YOUR TASK:
Word for word, please copy the line containing "노워시 오버핏 카라 가디건_브라운" and all lines after it in the entries below, and only those, leaving every picture out.

Source records

-- Opening Marker --

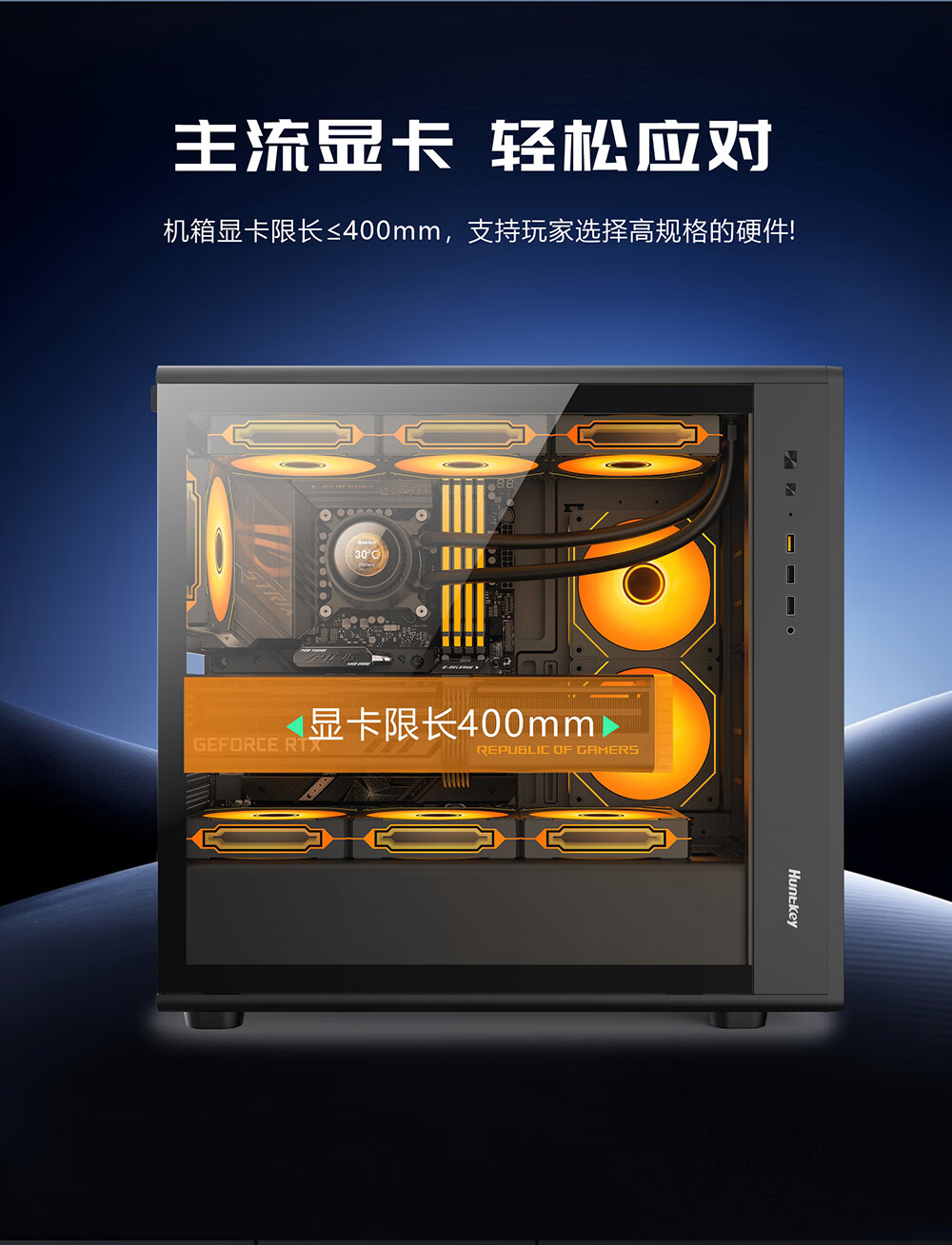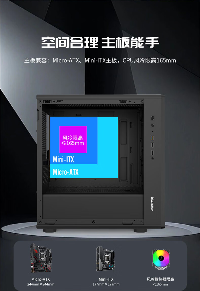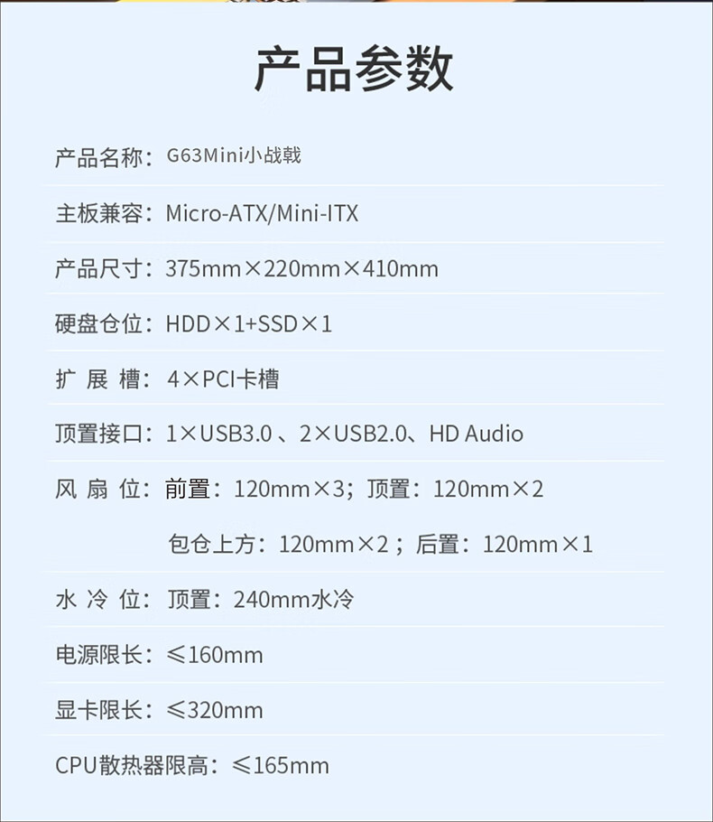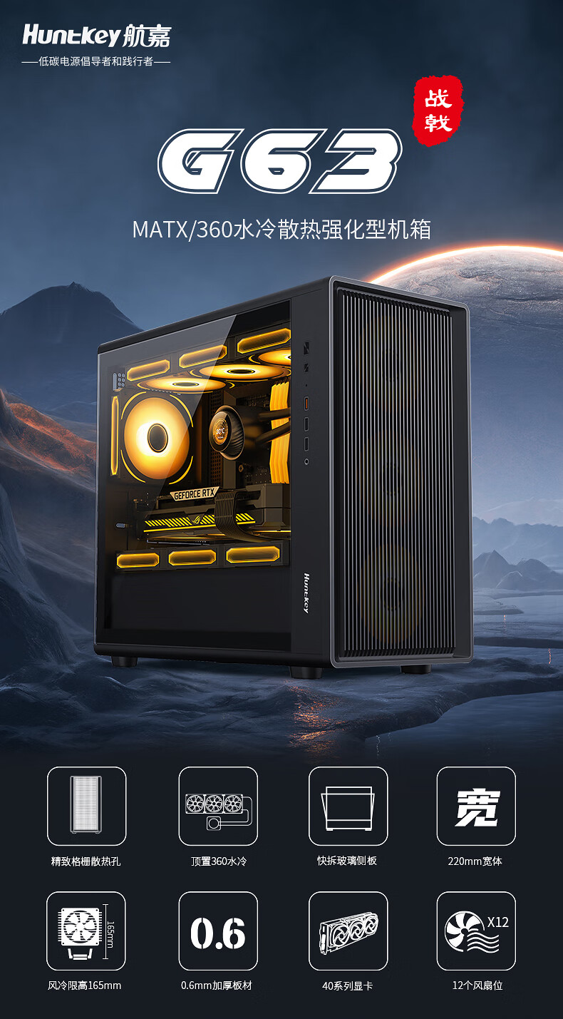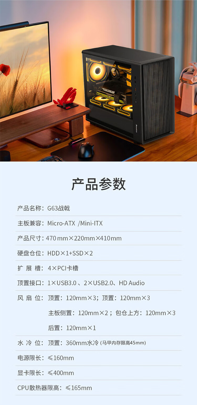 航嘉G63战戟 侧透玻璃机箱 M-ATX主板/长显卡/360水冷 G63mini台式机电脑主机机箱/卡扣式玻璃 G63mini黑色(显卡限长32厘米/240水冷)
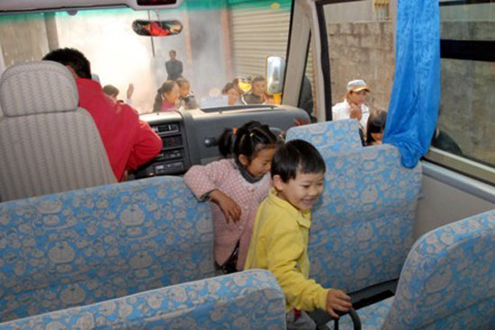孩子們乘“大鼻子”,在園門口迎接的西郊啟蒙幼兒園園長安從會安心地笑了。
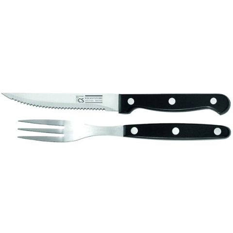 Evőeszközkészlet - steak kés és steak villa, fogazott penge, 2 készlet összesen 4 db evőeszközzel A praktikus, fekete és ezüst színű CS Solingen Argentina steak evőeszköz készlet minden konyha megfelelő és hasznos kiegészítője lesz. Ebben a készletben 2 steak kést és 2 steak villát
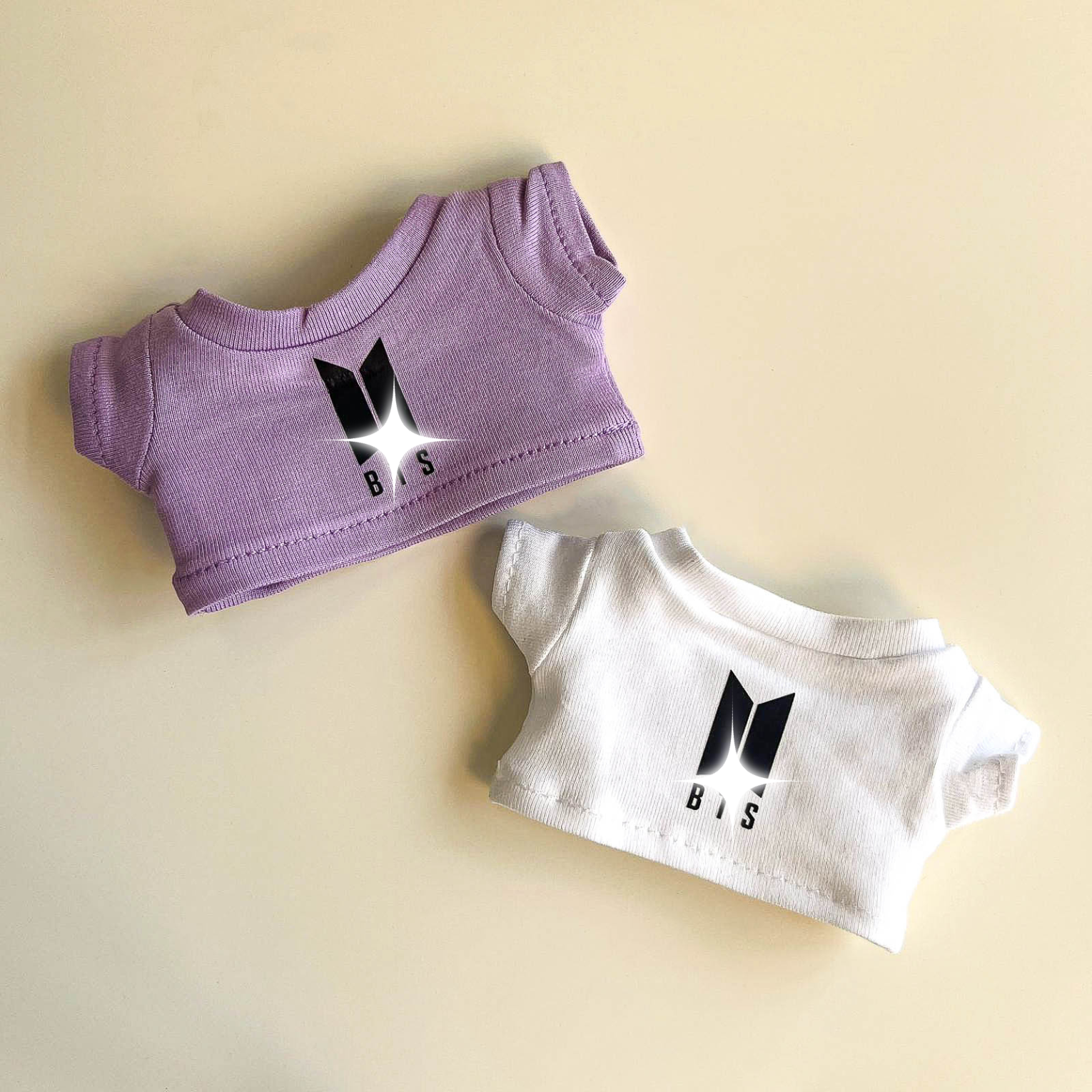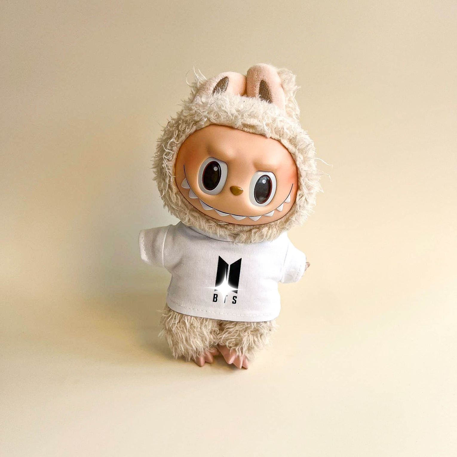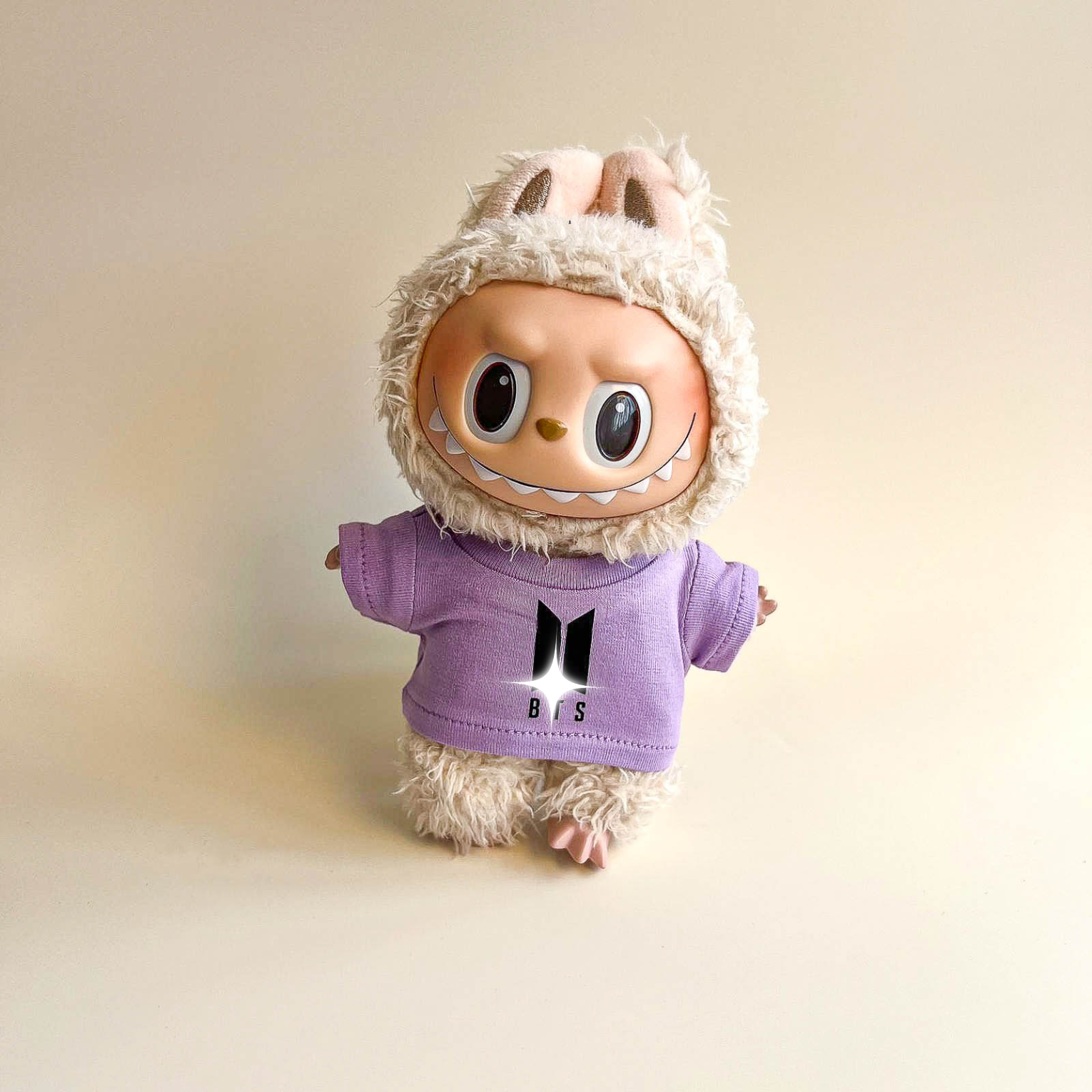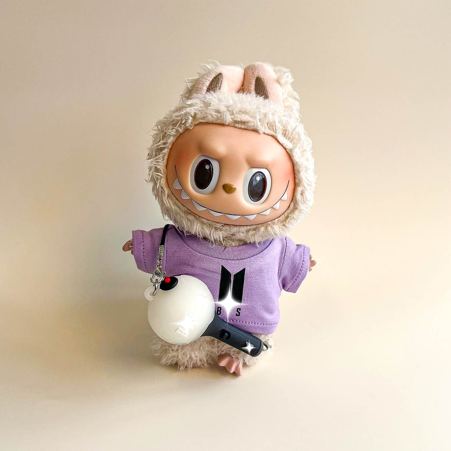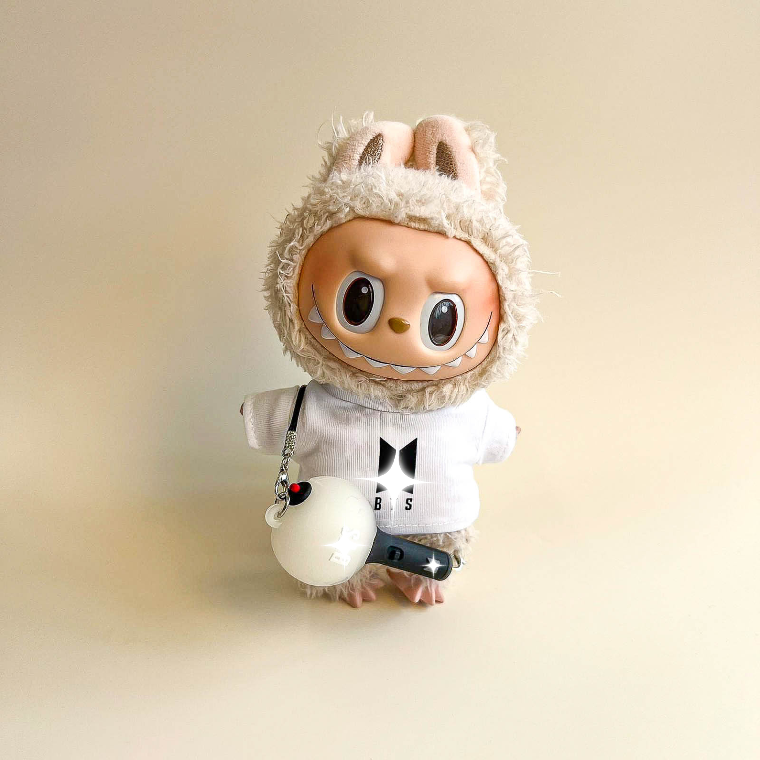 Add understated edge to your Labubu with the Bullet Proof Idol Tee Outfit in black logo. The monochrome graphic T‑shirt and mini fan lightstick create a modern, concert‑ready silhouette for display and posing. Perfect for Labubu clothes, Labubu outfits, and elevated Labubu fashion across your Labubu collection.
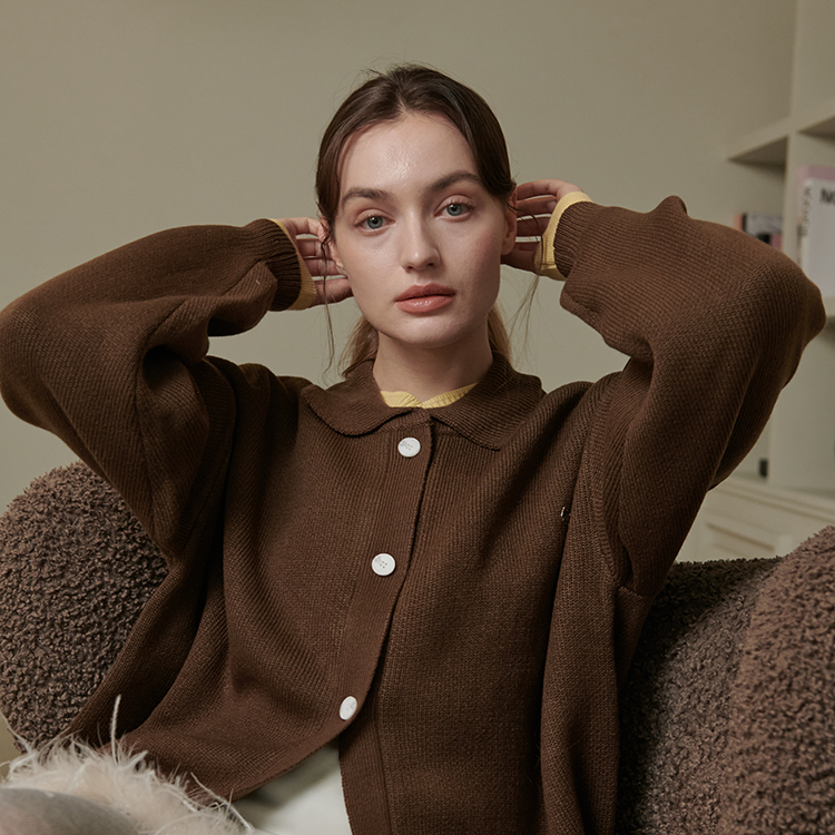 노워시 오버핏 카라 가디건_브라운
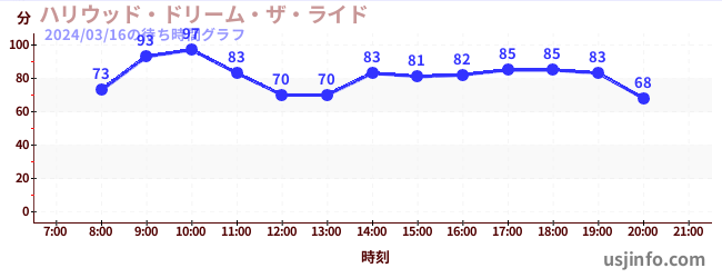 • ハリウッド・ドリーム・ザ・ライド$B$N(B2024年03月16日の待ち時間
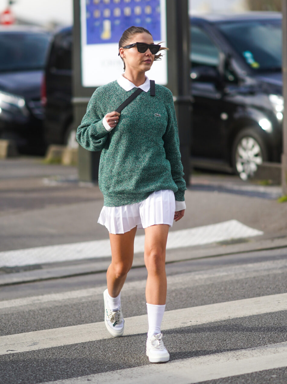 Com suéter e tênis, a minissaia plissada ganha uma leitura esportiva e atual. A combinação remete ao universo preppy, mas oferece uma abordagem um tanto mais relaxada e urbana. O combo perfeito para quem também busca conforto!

-- Closing Marker --

ANSWER BOX:
 노워시 오버핏 카라 가디건_브라운
 • ハリウッド・ドリーム・ザ・ライド$B$N(B2024年03月16日の待ち時間
 Com suéter e tênis, a minissaia plissada ganha uma leitura esportiva e atual. A combinação remete ao universo preppy, mas oferece uma abordagem um tanto mais relaxada e urbana. O combo perfeito para quem também busca conforto!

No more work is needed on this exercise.